Debt to get the FII touch
After holding out for long in terms of relatively conservative limits on investment by foreign institutional investors (FIIs) in the local debt markets, RBI has now raised the investment ceiling for them.
India’s moribund debt markets may see more foreign portfolio investors at play. After holding out for long in terms of relatively conservative limits on investment by foreign institutional investors (FIIs) in the local debt markets, RBI has now raised the investment ceiling for them.
RBI now proposes to permit FIIs to invest in the Central and state government securities, by an incremental amount of 5% of total net issuance in the previous financial year.
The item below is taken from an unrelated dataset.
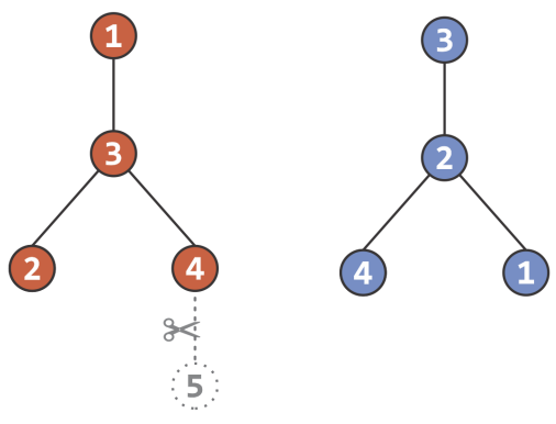 The figure below corresponds to the first sample, with tree $T_1$ on the left and tree $T_2$ on the right. The subtree of $T_1$ formed by all of its vertices but vertex $5$ is isomorphic to $T_2$.

This would be reckoned over and above the current stipulation of FII investment up to $2bn in the debt market. The central bank has said that the existing limit would be enhanced in phases to $2.6bn by December and further to $3.2bn by March ’07. Yet, the extant limit of $1.5bn for investment in corporate debt would continue to be in vogue.
Ajay Mahajan, group president, financial markets and institutions YES Bank, said, “FIIs enter the debt market only if the yield on instruments like treasury bills and bonds exceed the swap cost of the overseas currencies. As of now, the arbitrage is actually negative as the cost of forex borrowings is higher than investment yields.”
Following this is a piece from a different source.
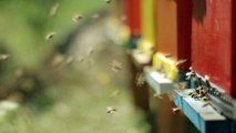 CloseUp of Flying Bees Entering the Hive

FIIs can now rebook a part of their cancelled forward contracts. This proposal may not have any major positive implications for FIIs, yet it may improve sentiment and the appetite for debt market instruments among FIIs.
Currently, FIIs are allowed to hedge the market value of their entire investment in equity and/or debt within India as on a particular date. However, once these forward contracts are cancelled, they cannot be rebooked, but can be rolled over on or prior to the date of maturity.